I never thought of this choice until my mid-20s when people started overwhelming me with questions about marriage and kids. I just live my own life, date a nice guy and I love my job.

Nowadays many women have to choose between career and marriage. Even though the choice is evident, I don’t hurry to tie the knot. In our society a woman is thought to be desperate for children and family and the earlier you start your family, the better.

However, to my mind, motherhood and marriage are not the only field a woman can succeed in. Here are a few reasons I choose career over marriage:

I need professional development

Admittedly, there are lots of things that make me feel happy, and my job is definitely one of them. You can call me career driven, but I want to succeed in what I’ve started. When I graduated from college I was lucky to work at a highly respected newspaper.

Professional development and experience are important to a young graduate since it’s very easy to lose your professional skills without practice. I feel very enthusiastic about my job and there are heaps of ideas I want to realize. Your job gives you financial independence and confidence, which will provide you with better future.

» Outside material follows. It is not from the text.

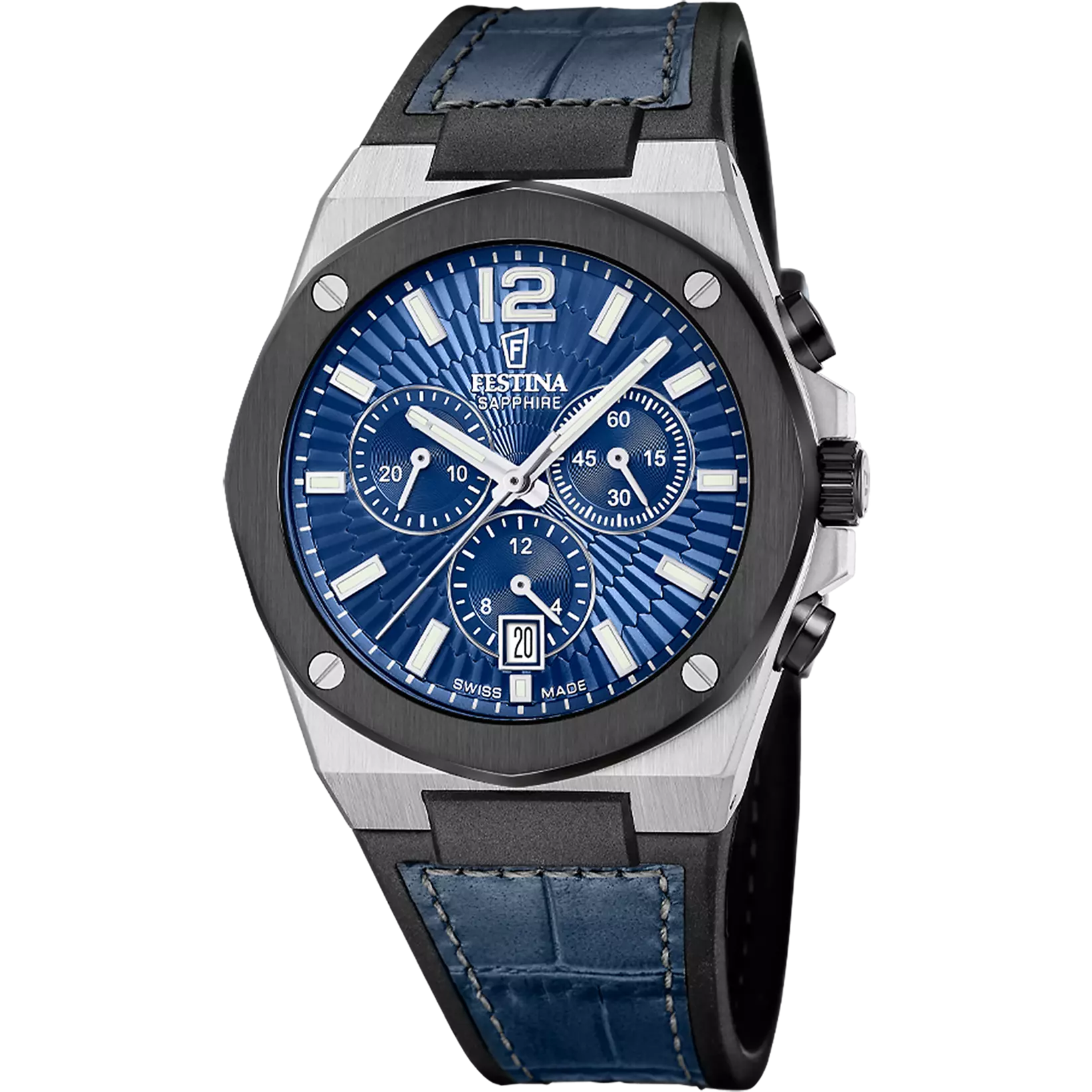 Festina Vallée F22001/4 : montre homme alliant design sportif et précision, avec boîtier acier 42 mm, verre saphir, mouvement quartz Ronda 715, étanchéité 100 m et bracelet en silicone.

Moreover, I’ve seen a lot of women who were disappointed and frustrated when their children have grown up and left them. All their lives they’d been existing for their kids and now these women have nothing to do with their lives. In this sense, job is an essential thing, which let you live your life to the fullest no matter what.

..and personal as well

A friend of mine welcomed a baby at the age of 18. No, it wasn’t unintended pregnancy; she just wanted to have children as soon as possible. But, honestly, I can’t understand how you can rear children when you can’t take care of yourself?

Naturally, our lifestyle and views differ when we are in our 20s and 30s. A person undergoes most important changes in the life during this period. Your early and mid-20s are the time of parties, travelling, dates and education.

All these things give you priceless experience and transform you into a full-fledged personality. I’m not a psychology expert but I know perfectly well that I am too young to have children and family right now. I realize that I’m not that little girl that talked too much and cried easily, but it’s not enough to quit my single life.

I need stability

Obviously, I want to provide my children with good education, good living conditions and good life. You can hardly give it to your kids in your twenties. A single life gives you the chance to save more for a house, car or whatever you want to buy.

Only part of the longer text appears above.